Ces avancées font cependant grincer des dents du côté des puristes des monnaies virtuelles : que l’on parle de JPM Coin, qui est un stablecoin, ou de l’IIN, ces initiatives font l’impasse sur un des fondamentaux de la blockchain : la décentralisation. « Les banques comme JPMorgan s’intéressent plus à la blockchain qu’aux cryptos elles-mêmes », ­tempère Florian ­Darras, « ce qu’elles proposent est un réseau fermé, accessible aux seuls institutionnels et avec pour objectif d’accélérer les transferts financiers, dans d’importants volumes, et en un instant. De quoi améliorer leurs process et donc leur rentabilité. » Ces ­projets permettent malgré tout aux entreprises d’éprouver ces technologies, et peuvent les inciter à développer, à terme, des initiatives plus ouvertes et décentralisées.

Certaines banques sont décidées à aller plus loin en intégrant les cryptomonnaies à leurs services. C’est le cas de Revolut, qui se revendique l’établissement le plus « crypto-friendly » au monde et qui bénéficie d’une licence bancaire européenne depuis décembre 2017. Elle propose à ses clients l’achat de monnaies virtuelles à partir de leur compte (mais pas de les convertir en euro ou en dollar) et a mis en place un système de cashback en monnaies fiat ou cryptos.

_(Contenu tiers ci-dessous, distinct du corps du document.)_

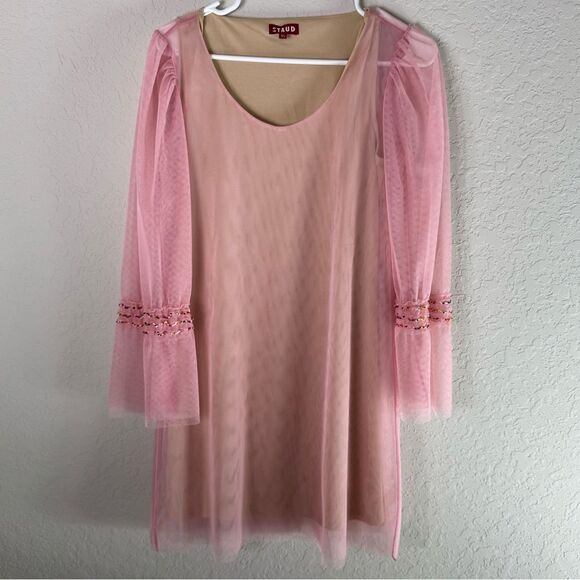 Staud Sheer Tulle Shift Dress w/Beaded Bell Sleeves Nude Lining Size XS
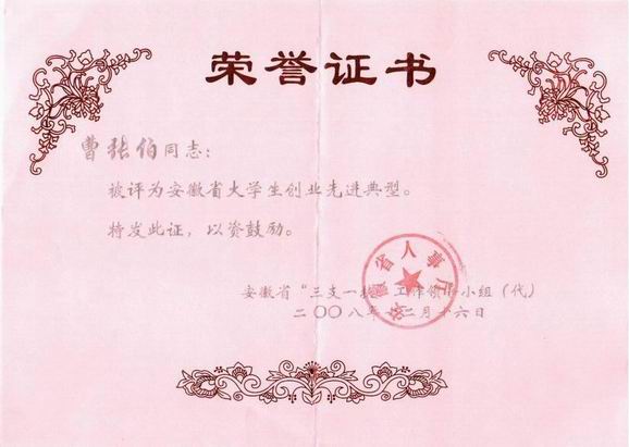 我公司執(zhí)行董事曹張伯被安徽省人事廳評為“安徽省大學(xué)生創(chuàng)業(yè)先進(jìn)典型”。
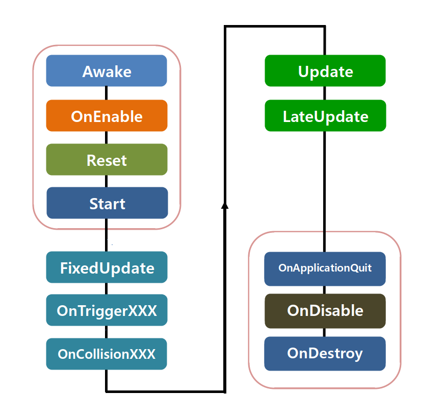 유니티는 안드로이드와 마찬가지로 '생명주기(LifeCycle)'를 가지고 있는데요.유니티에서 자신이 제작한 스크립트의 대부분은 'Monobehaviour'라는 친구를 상속받아 만들어집니다. 스크립트를 만들면 자동으로 상속받아지는 형태이니 유니티의 기본 클래스 형태라고 봐도 좋습니다.이 'Monobehaviour'가 Scene에서 살아가는 동안 일정한 흐름이 생기고, 엔진에서 자동으로 호출해주는 함수들이 생기는데 이 패턴의 흐름을 '생명 주기(Life cycle)'라고 합니다.
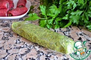 Смешать с размягченным маслом свернуть с помощью пищевой пленки в трубочку и убрать в холодильник до надобности. Это масло прекрасно сочетается со стейком или мясными рулетами с грибами. Если положить кусочек такого масла на горячий отварной картофель, масло растает и станет прекраснейшим соусом из свежей зелени, а картофель получится красивейшим, очень вкусным и праздничным.
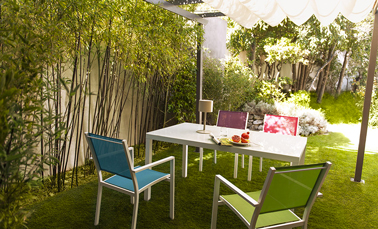 Des meubles aux lignes sobres, des fauteuils qui affichent la couleur autour d’une table grise, de quoi faire de sa terrasse un espace de détente au coeur d’un jardin verdoyant. Fauteuil : Structure en aluminium finition poudre époxy – Toile PVC et polyester. Dimensions : 55 x 60,5 x h.86 cm. Couleurs disponibles : Rose, vert, violet et bleu. Prix : 39 € à compléter par la table dans le même matériau pour la structure et au plateau en verre trempé. dimensions : 150 x 90 cm. Prix 99 € collection Atlantis Blooma chez Castorama.
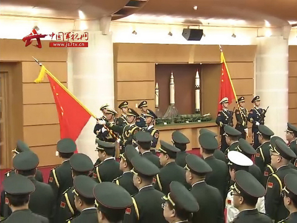 【大公报讯】2015年12月31日,中国陆军、火箭军、战略支援部队成立大会在八一大楼举行。在授予军旗过程中,大会现场摆放的几款导弹模型引人注意,从右向左分别是东风5A、东风31A、东风21A/C,打击远中近三层战略目标。

Quant aux crypto-banques, qui ­proposent des services ­financiers en cybermonnaie comme fiat, elles ne disposent au mieux que d’une simple licence de paiement qui ne leur permet pas de proposer des ­services financiers comme le prêt ou le découvert.

Concurrence ou spécialisation ?

Reste un dernier usage, monétaire. Né en pleine crise financière, le bitcoin se veut transparent et indépendant des banques centrales ainsi que de leurs manipulations. Adoptés très tôt par les milieux ­d’inspiration libertarienne, la création de Satoshi Nakamoto et ses nombreux épigones sont pensés pour concurrencer les monnaies fiduciaires. Ces espoirs sont encore loin d’être réalisés alors que leur usage demeure anecdotique : « Ils ne représentent que moins de 1 % de la masse monétaire totale ­mondiale, et probablement ­beaucoup moins de 1 % du nombre des transactions », ­rappelle Gérard Dréan.

Anecdotiques peut-être, mais pas inutiles, comme le souligne Florian Darras : « Le potentiel des cryptomonnaies en tant ­qu’alternatives se révèle dans les pays dans lesquels le système ­bancaire est inexistant ou encore dans ceux dans lesquels le système monétaire est instable. » Le ­Venezuela, plongé dans une crise inflationniste, en est la parfaite illustration. « Le pays est devenu le second marché au monde en termes de volumes d’échanges sur ces actifs. »

Pour Gérard Dréan, l’avenir des cryptomonnaies passera par leur spécialisation : « Le Bitcoin va endosser le rôle de monnaie de réserve et sera réservé aux transactions les plus importantes. Pour les plus petits transferts ou les ­paiements de petits montants, les utilisateurs vont se tourner vers d’autres cybermonnaies, en ­privilégiant les plus fiables et les plus éprouvées comme le Dogecoin, le Litecoin, Dash ou Zcash pour ceux qui recherchent la ­confidentialité. »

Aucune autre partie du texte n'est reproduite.